* **About this task**
Without any of the pictures, transcribe all the lines below exactly.
---------- Source material
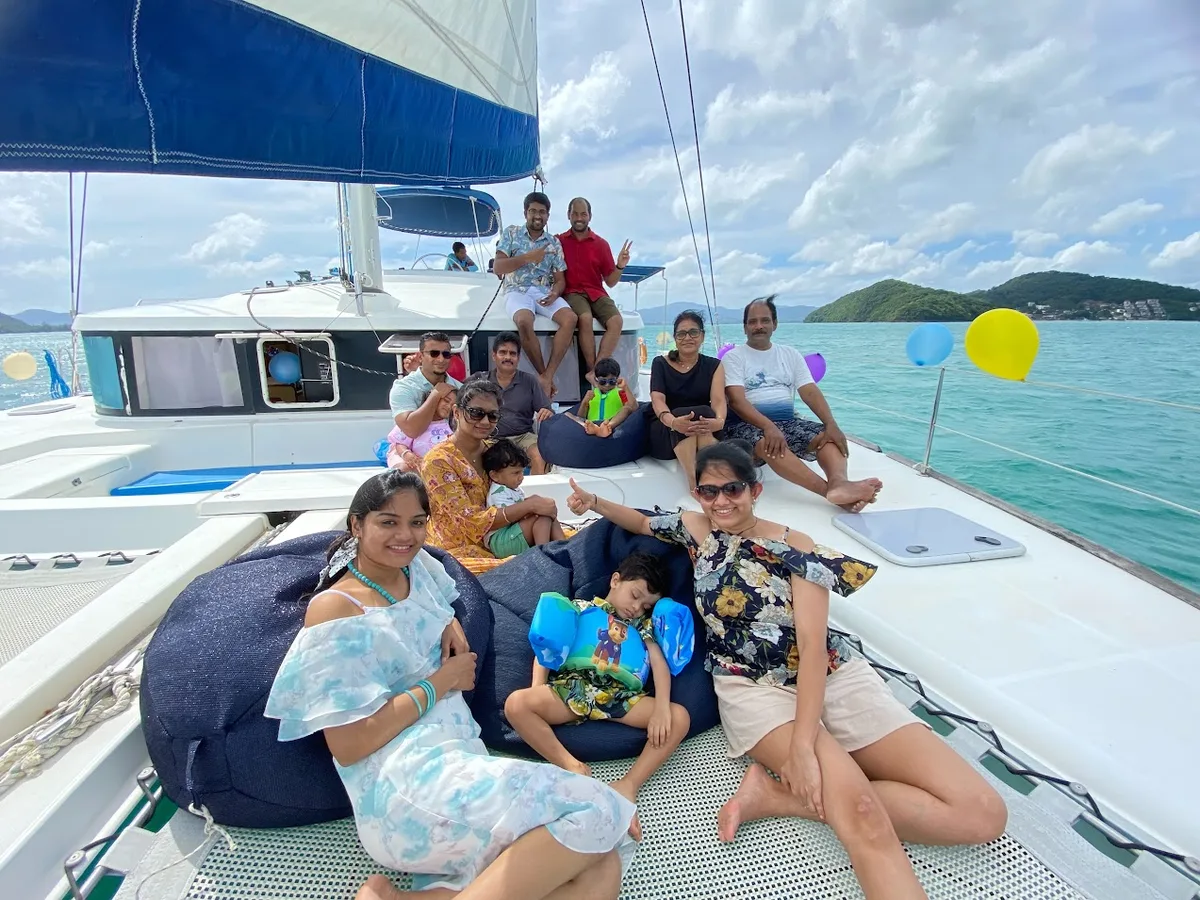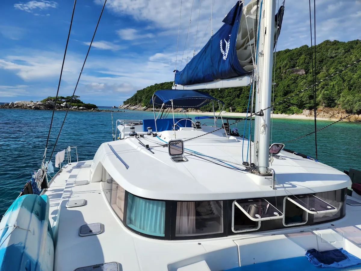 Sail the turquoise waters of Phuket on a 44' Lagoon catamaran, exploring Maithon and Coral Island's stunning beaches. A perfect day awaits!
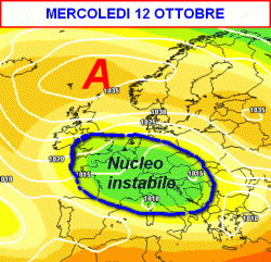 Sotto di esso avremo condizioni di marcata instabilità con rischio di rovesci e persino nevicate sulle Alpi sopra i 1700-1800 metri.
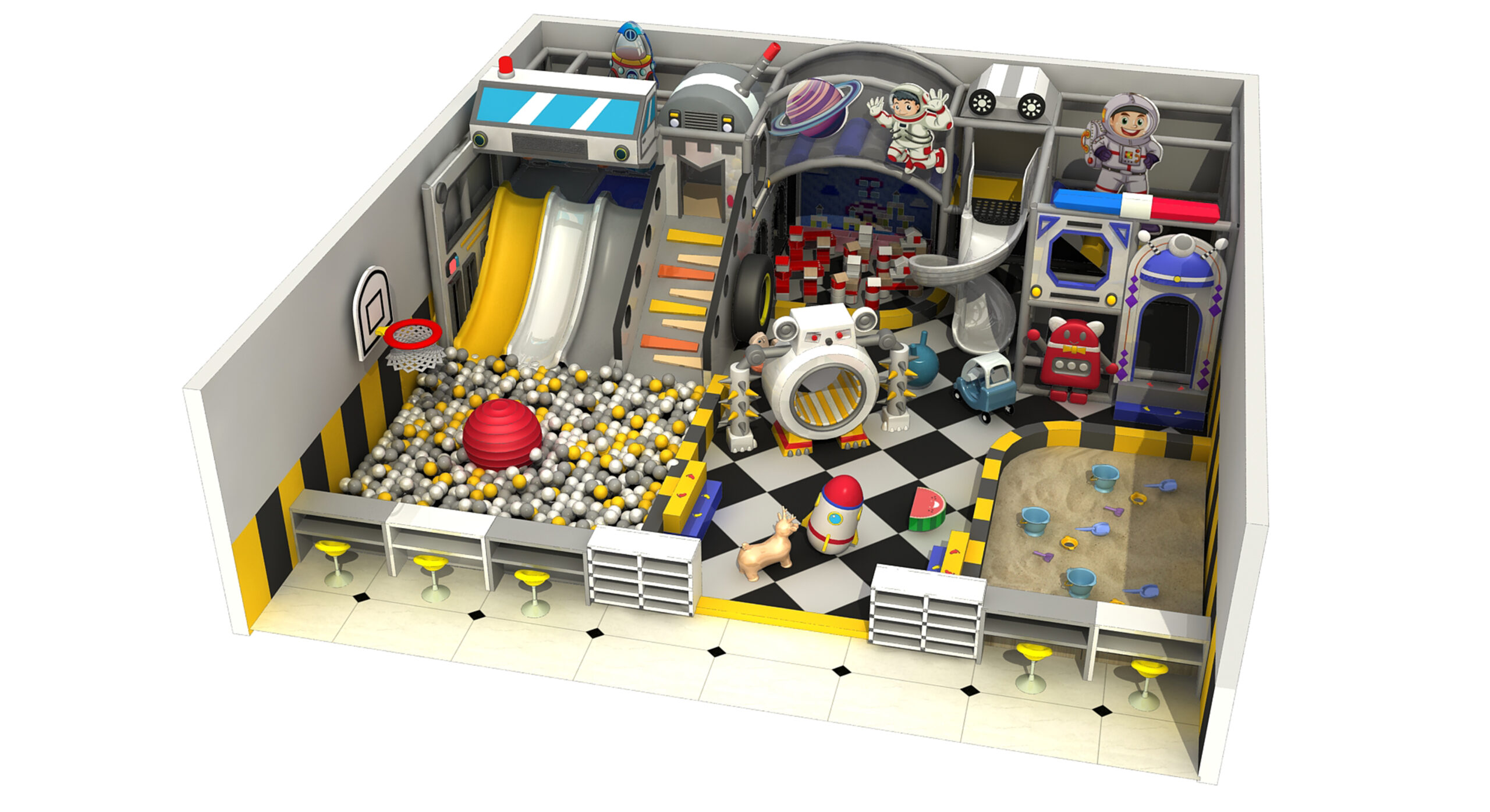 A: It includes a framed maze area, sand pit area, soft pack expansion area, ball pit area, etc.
--------------------
* **Response**
 Sail the turquoise waters of Phuket on a 44' Lagoon catamaran, exploring Maithon and Coral Island's stunning beaches. A perfect day awaits!
 Sotto di esso avremo condizioni di marcata instabilità con rischio di rovesci e persino nevicate sulle Alpi sopra i 1700-1800 metri.
 A: It includes a framed maze area, sand pit area, soft pack expansion area, ball pit area, etc.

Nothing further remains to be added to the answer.